Landlord registration: statutory guidance for local authorities 2017

Statutory guidance for local authorities regarding the effective regulation of landlord registration.

3. Registration

Local authorities have a duty to prepare and maintain a register of landlords. Only those landlords that that have been assessed by the local authority as being fit and proper should be entered on the register.


Applications should be made by the relevant person via the online Landlord Registration System wherever possible. This should ensure that landlords submit all the required information and pay the relevant fee, so that a valid application is submitted. The online process also provides flexibility with the site being available out-with traditional office hours. Applications can be made via smartphone and tablet. The system also captures email addresses that can be used for future correspondence with the applicant. Applicants who apply online can also benefit from a discounted application fee.

The online application process is especially useful for people that need to register in multiple local authority areas and/or include multiple rented properties. This minimises the amount of work that local authorities would otherwise have to do to input a paper application, calculate any discounts and process the relevant fee.

There may be justifiable reasons why an applicant is not able to access the online registration system. For example, access to internet services may not be available or reliable in some rural communities; some applicants with disabilities may find use of internet services problematic.

Additional support may be available to help those who are simply not at ease with use of the internet, through public libraries, landlord membership organisations and advice and information services. The manual application process should be an exception, but remain an option for those that need it.

Subsequent applications

Although the term 'renewal' is generally used, a subsequent application after a registration has expired, or is about to expire, is a new application in terms of the 2004 Act. For practical reasons, landlords are invited to 'renew' their application before the existing registration expires. The IT system will issue automated requests at 90 days and 30 days prior to the expiry of the current three year registration period, where an email address has been provided. Where an applicant is unable to submit their application online then the person will need to complete a paper application form.

The point at which a subsequent application is submitted provides an opportunity to proactively engage with landlords and to consider the information provided by the applicant against any new information that may be available. For example, complaints from tenants, referrals to the First – tier Tribunal or information from other local authority departments or external agencies, might encourage a local authority to perform a more rigorous scrutiny of the new application.

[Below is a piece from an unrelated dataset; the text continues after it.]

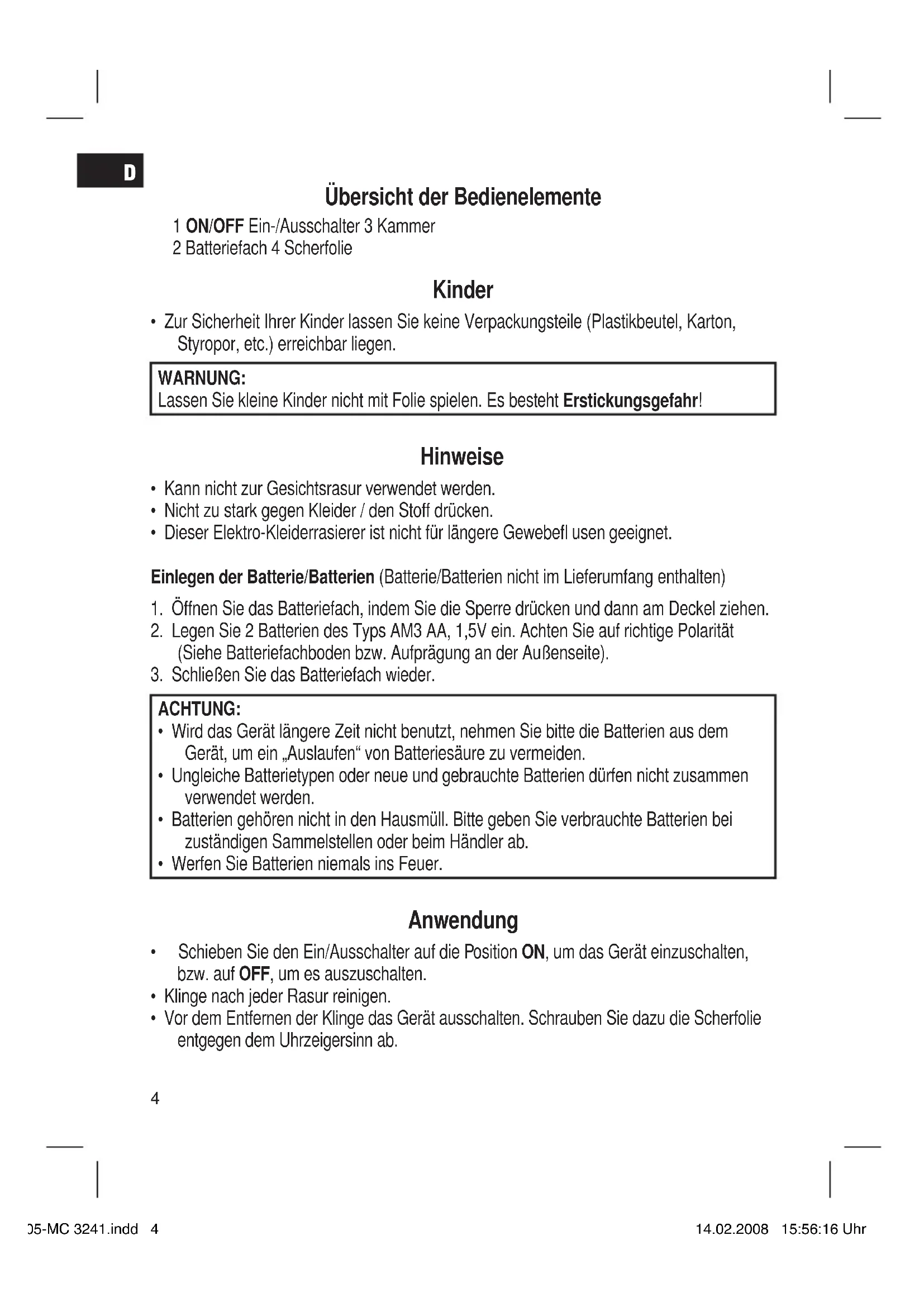 MC 3241 - Elektrischer Epilierer CLATRONIC - Kostenlose Bedienungsanleitung

Local authorities should have robust processes for dealing with registrations that expire, after issuing two reminders, and where no new application is made, to ensure that the landlord is no longer letting properties. Where practical, these may involve:

  • follow up phone calls;
  • checking the Council Tax register or electoral role;
  • checking housing benefit or universal credit;
  • checking property ownership; or
  • enquiries at the property.

Where an application is submitted and approved after the expiry of the previous registration period, the start of the 3 year registration period should begin on the date of approval – the legislation does not make provision for the application to be backdated. A rent penalty notice can be considered for any period that the relevant person is operating as an unregistered landlord.

SSI 2008/403 amends SSI 2005/558 to make provision that an additional fee is payable where an application is submitted after two separate requests for an application to be made have been issued. See the section "Additional Fee" for further details.

If a landlord continues to let property without being registered or without having submitted a valid application for registration then they are failing to comply with registration requirements and enforcement action should be undertaken by the relevant local authority. Rent penalty notices may assist with this process and a report to the Procurator Fiscal can also be considered.


A valid application contains the information required by section 83 of the 2004 Act and is accompanied by the relevant fee. The online system is designed to ensure that applicants cannot submit an application unless those criteria are met. The applicant must ensure that the information is correct to the best of their knowledge. Falsely declared information (which if material) results in an offence having been committed. This is subject to a fine not exceeding level 3 on the standard scale. This would also represent a contravention of housing law. Such an application may be updated to show the correct information, or refused if the local authority believes the failure justifies a decision that the person is not fit and proper.

Local authorities should have robust processes for dealing with incomplete paper forms or forms that are not accompanied by the appropriate payment and take steps to address this as quickly as possible. Unless the prescribed information has been provided, a form cannot be considered to be a formal application under section 83. Incomplete forms could be returned to the person as being invalid. Alternatively, the authority may wish to contact the person to confirm that the incomplete form is not a valid application but that it will be held for a limited time to allow the missing information/fee to be submitted.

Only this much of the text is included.